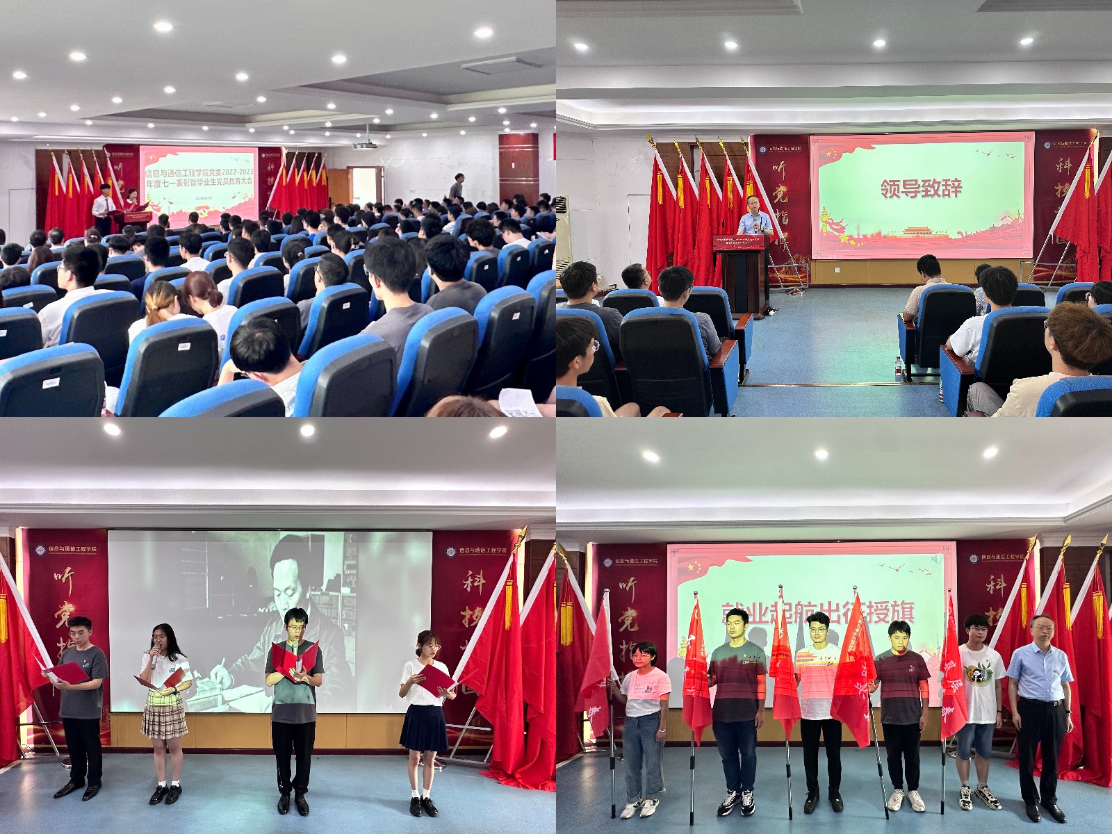 6月25日,学院党委召开2022-2023年度七一表彰暨毕业生党员教育大会,为毕业生上好“最后一堂党课”。学院党委书记冷甦鹏对即将毕业的党员同学提出三点希望:一是学思想,立信念,继续深入学习习近平新时代中国特色社会主义思想,勇做新时代的奋进者、开拓者、奉献者;二是建新功,筑梦想,发挥信息与通信工程学科的优势和特色,积极投身国防建设和国民经济生产;三是强党性,悟初心,胸怀国之大者,发挥党员模范带头作用,勇做改革创新的先锋人。毕业生党员代表带来原创红色诗歌朗诵《科技报国长征路》,冷甦鹏为赴西部、基层、部队、国防重点单位等工作的毕业生代表授旗,同学们依次分享自己扎根基层、献身国防的青春志向和不负青春、科技报国的坚定决心。
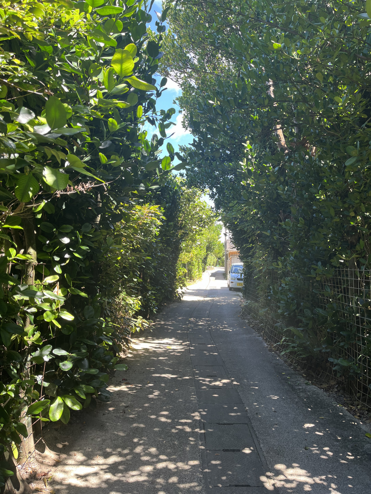 Fukugi INNは、フクギ並木が印象的なゆったりと落ち着いた住宅地内にあり、
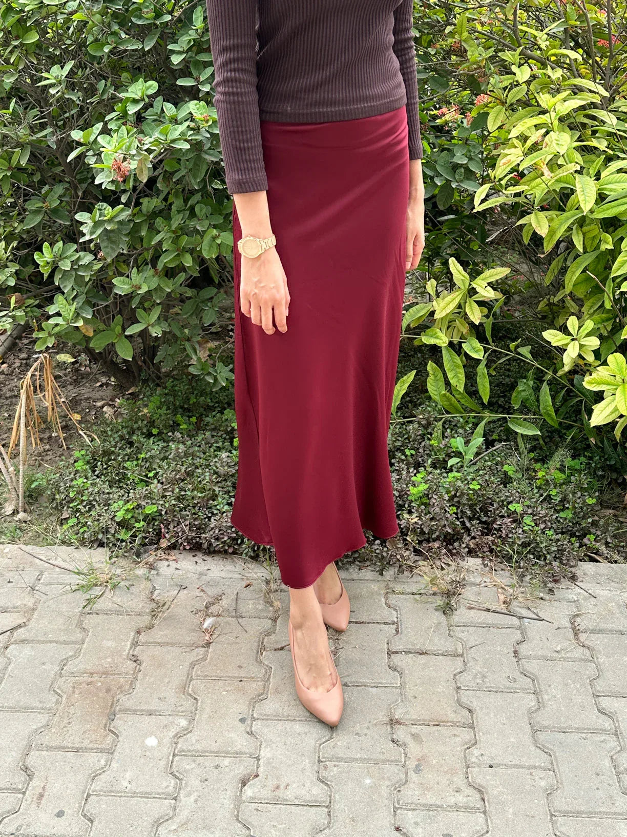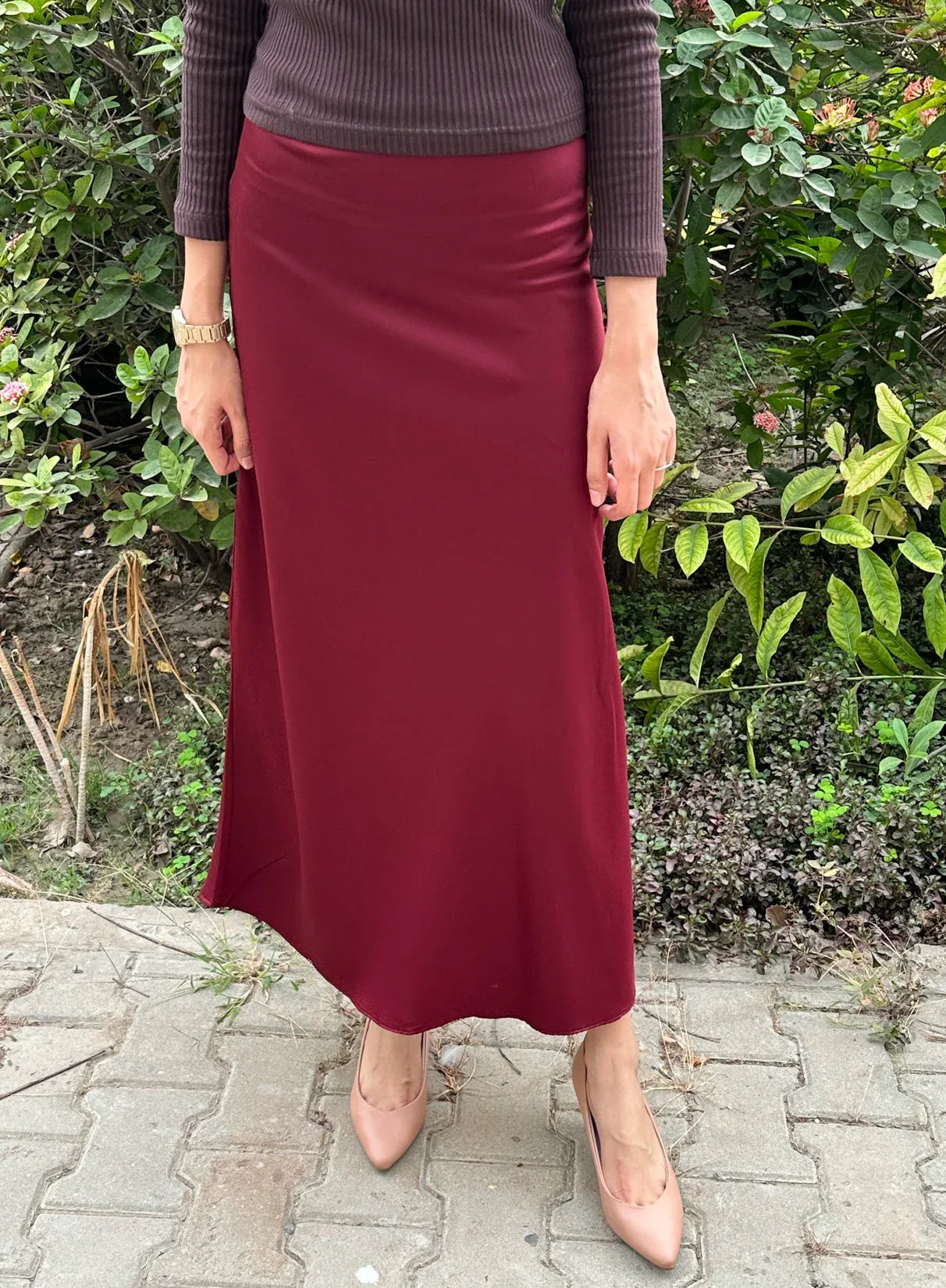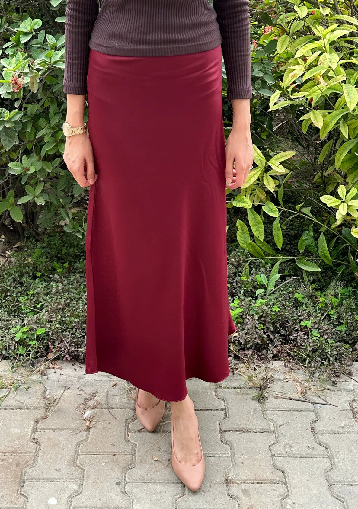 Silk skirt with elastic and flowing silhouette. Luxurious fabric and elegant drape. Perfect for elevating any outfit with a touch of sophistication.

WHAT YOU WILL DO: Exactly the lines from the line with "Fukugi INNは、フク" through the last line of the listing, both included, should be extracted, and the pictures left behind.

SOLUTION TO THIS EXERCISE:
 Fukugi INNは、フクギ並木が印象的なゆったりと落ち着いた住宅地内にあり、
 Silk skirt with elastic and flowing silhouette. Luxurious fabric and elegant drape. Perfect for elevating any outfit with a touch of sophistication.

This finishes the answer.